— EXERCISE BRIEF —
With the pictures left out, write out exactly the lines of the listing below that run from the line with "Ой хитрый жук!" through the line with "中南财经政法高校2023-2".

— DATA TO EXAMINE —
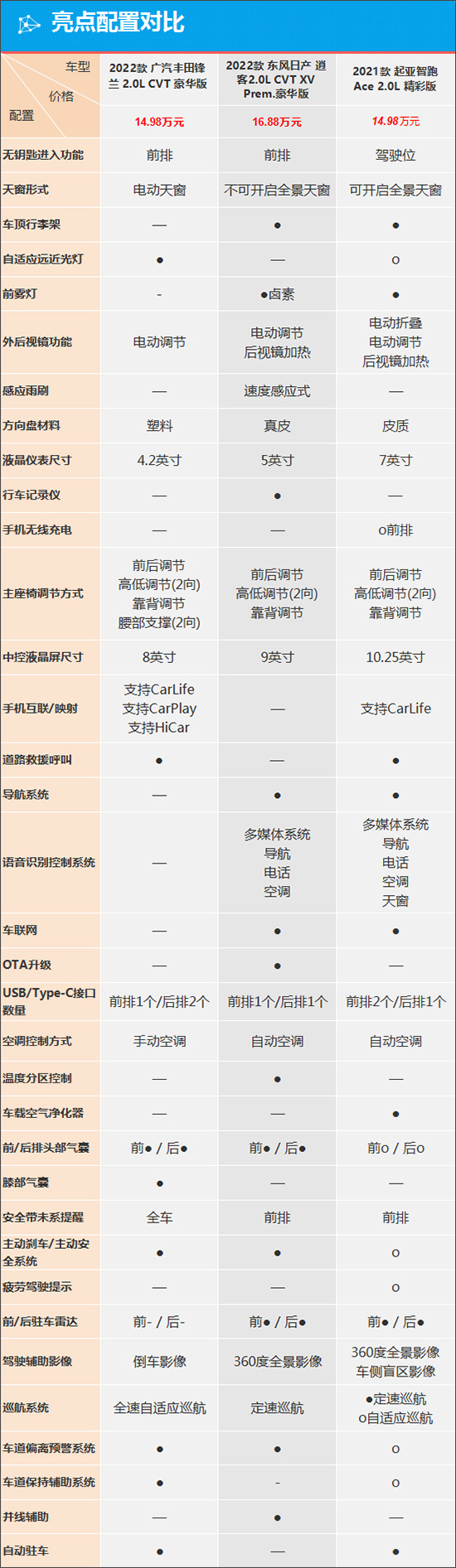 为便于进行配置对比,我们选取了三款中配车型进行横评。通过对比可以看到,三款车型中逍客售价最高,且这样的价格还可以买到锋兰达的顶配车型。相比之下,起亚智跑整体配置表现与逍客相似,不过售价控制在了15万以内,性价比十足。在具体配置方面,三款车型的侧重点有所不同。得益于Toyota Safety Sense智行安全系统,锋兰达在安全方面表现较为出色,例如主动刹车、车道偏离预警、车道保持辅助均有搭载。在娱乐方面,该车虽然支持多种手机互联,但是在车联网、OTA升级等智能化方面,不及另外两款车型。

---

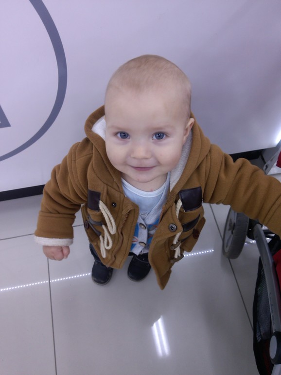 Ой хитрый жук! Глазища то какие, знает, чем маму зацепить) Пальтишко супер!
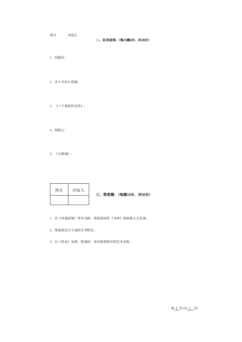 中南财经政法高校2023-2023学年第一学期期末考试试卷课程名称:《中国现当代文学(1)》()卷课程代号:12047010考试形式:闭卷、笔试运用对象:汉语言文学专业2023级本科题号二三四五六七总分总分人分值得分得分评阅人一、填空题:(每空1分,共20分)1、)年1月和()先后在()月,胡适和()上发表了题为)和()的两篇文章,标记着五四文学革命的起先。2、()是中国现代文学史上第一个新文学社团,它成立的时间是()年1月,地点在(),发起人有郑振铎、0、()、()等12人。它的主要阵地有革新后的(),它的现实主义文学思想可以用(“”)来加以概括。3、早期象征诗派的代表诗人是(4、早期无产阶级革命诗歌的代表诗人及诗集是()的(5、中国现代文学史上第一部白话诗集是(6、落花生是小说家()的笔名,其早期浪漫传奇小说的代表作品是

— WRITTEN RESPONSE —
 Ой хитрый жук! Глазища то какие, знает, чем маму зацепить) Пальтишко супер!
 中南财经政法高校2023-2023学年第一学期期末考试试卷课程名称:《中国现当代文学(1)》()卷课程代号:12047010考试形式:闭卷、笔试运用对象:汉语言文学专业2023级本科题号二三四五六七总分总分人分值得分得分评阅人一、填空题:(每空1分,共20分)1、)年1月和()先后在()月,胡适和()上发表了题为)和()的两篇文章,标记着五四文学革命的起先。2、()是中国现代文学史上第一个新文学社团,它成立的时间是()年1月,地点在(),发起人有郑振铎、0、()、()等12人。它的主要阵地有革新后的(),它的现实主义文学思想可以用(“”)来加以概括。3、早期象征诗派的代表诗人是(4、早期无产阶级革命诗歌的代表诗人及诗集是()的(5、中国现代文学史上第一部白话诗集是(6、落花生是小说家()的笔名,其早期浪漫传奇小说的代表作品是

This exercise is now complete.